While their feature set and simplicity are very appealing to users, they all share the property of being completely dependent of the service provider — especially in terms of availability and confidentiality. This highlights the importance of the providers and outlines their central role in this scenario: Not only do they have absolute control over the users’ data, they also have to make sure unauthorized users cannot access it. While many users have been willing to trade this lack of confidentiality for a more convenient user experience, this level of trust towards the provider disappears when the data is very private or business critical.
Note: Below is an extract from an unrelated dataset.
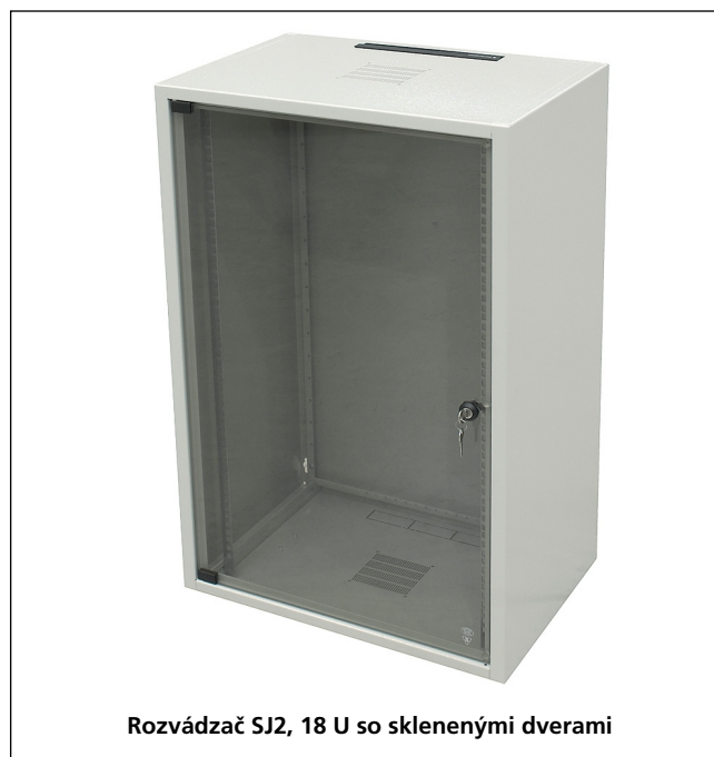
Rozvádzač SJ2, 18 U so sklenenými dverami

To address the issues outlined above, this thesis introduces Syncany, a file synchronization software that allows users to backup and share certain files and folders among different workstations. Unlike other synchronization software, Syncany is designed with security and provider independence as an essential part of its architecture. It combines high security standards with the functionalities and ease of use of a cloud-based file synchronization application. In particular, Syncany does not allow access to data by any third party and thereby leaves complete control to the owner of the data. The goal of the architecture is to provide the same functionality as existing solutions, but remove provider dependencies and security concerns.
In contrast to other synchronization software, Syncany offers the following additional functionalities:
- Client-side encryption: Syncany encrypts files locally, so that even untrusted online storage can be used to store sensitive data.
- Storage abstraction: Syncany uses a plug-in based storage system. It can be used with any type of remote storage, e.g. FTP, Amazon S3 or WebDAV.
- Versioning: Syncany stores the entire history of files and folders. Old revisions of a file can be reconstructed from the remote storage.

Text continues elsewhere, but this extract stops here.